*INSTRUCTIONS FOR THE TASK*: Below are some records. Return exactly their lines from the one containing "Wir kaufen derweil" through the one containing "重ねたようなダブルカラーが印象的な、ミニマルで上品なシャツです。", and drop the pictures.

*STUDY MATERIAL*:
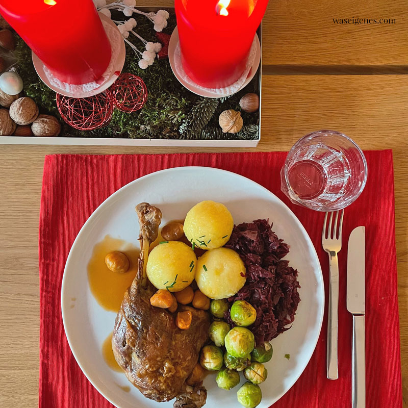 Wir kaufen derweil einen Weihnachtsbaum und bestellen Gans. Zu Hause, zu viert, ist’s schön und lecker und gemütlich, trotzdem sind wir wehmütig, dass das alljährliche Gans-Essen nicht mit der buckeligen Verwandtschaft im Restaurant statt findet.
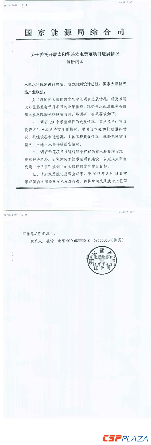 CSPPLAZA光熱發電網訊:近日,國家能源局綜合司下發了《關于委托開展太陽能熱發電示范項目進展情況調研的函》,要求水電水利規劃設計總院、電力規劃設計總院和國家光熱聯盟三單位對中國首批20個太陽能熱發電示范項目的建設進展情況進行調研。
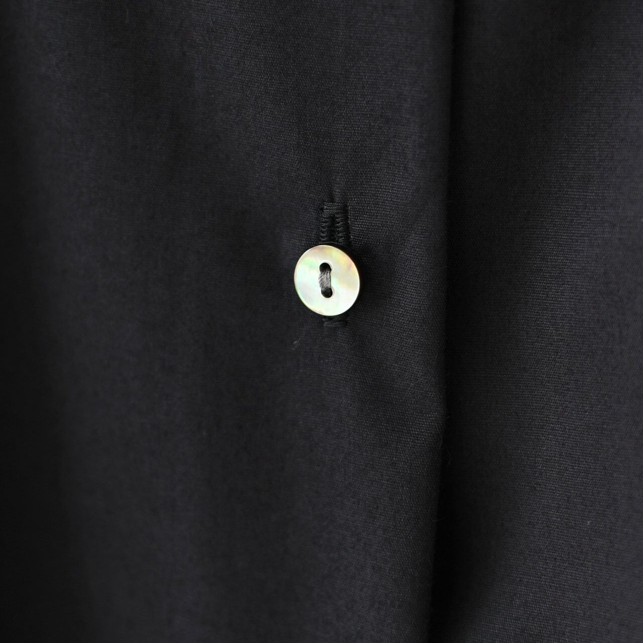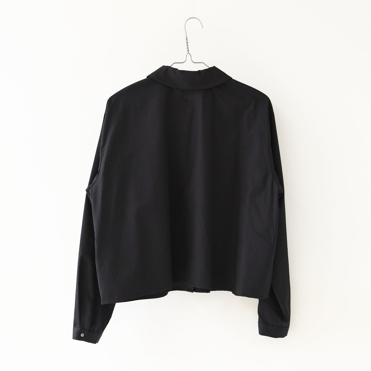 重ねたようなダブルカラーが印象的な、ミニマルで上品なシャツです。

==

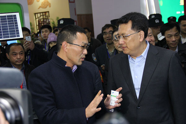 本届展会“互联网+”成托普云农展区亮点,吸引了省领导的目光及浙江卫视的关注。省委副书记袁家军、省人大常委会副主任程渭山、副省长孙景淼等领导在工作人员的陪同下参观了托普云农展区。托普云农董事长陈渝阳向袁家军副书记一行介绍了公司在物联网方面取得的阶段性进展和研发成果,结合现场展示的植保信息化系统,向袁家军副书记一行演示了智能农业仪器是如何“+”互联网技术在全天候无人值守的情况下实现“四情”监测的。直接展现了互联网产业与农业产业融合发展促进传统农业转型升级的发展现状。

==

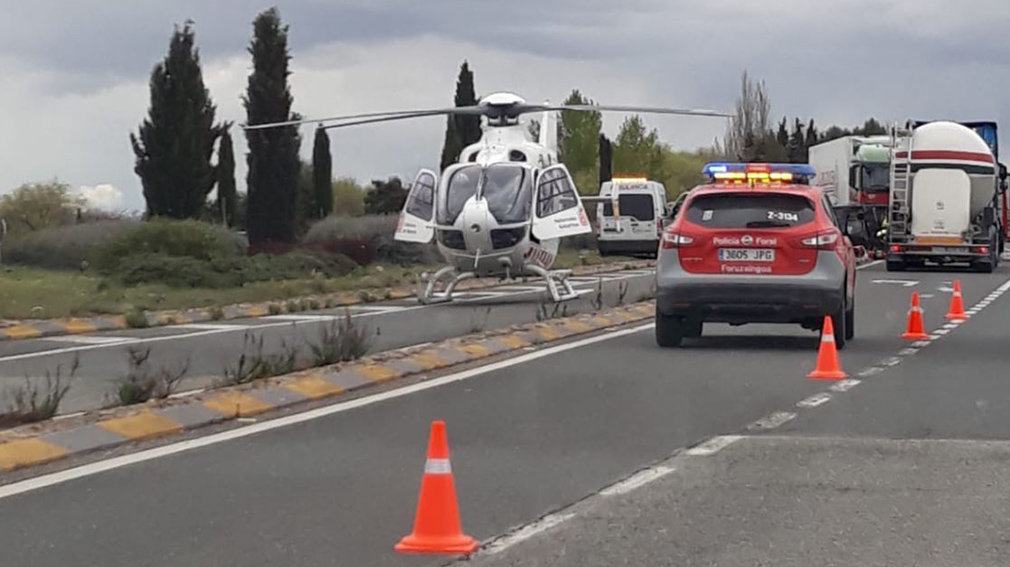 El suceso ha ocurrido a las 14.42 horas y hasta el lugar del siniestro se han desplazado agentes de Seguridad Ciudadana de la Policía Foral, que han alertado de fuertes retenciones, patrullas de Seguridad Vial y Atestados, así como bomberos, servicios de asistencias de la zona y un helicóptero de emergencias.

*EXPECTED ANSWER*:
 Wir kaufen derweil einen Weihnachtsbaum und bestellen Gans. Zu Hause, zu viert, ist’s schön und lecker und gemütlich, trotzdem sind wir wehmütig, dass das alljährliche Gans-Essen nicht mit der buckeligen Verwandtschaft im Restaurant statt findet.
 CSPPLAZA光熱發電網訊:近日,國家能源局綜合司下發了《關于委托開展太陽能熱發電示范項目進展情況調研的函》,要求水電水利規劃設計總院、電力規劃設計總院和國家光熱聯盟三單位對中國首批20個太陽能熱發電示范項目的建設進展情況進行調研。
 重ねたようなダブルカラーが印象的な、ミニマルで上品なシャツです。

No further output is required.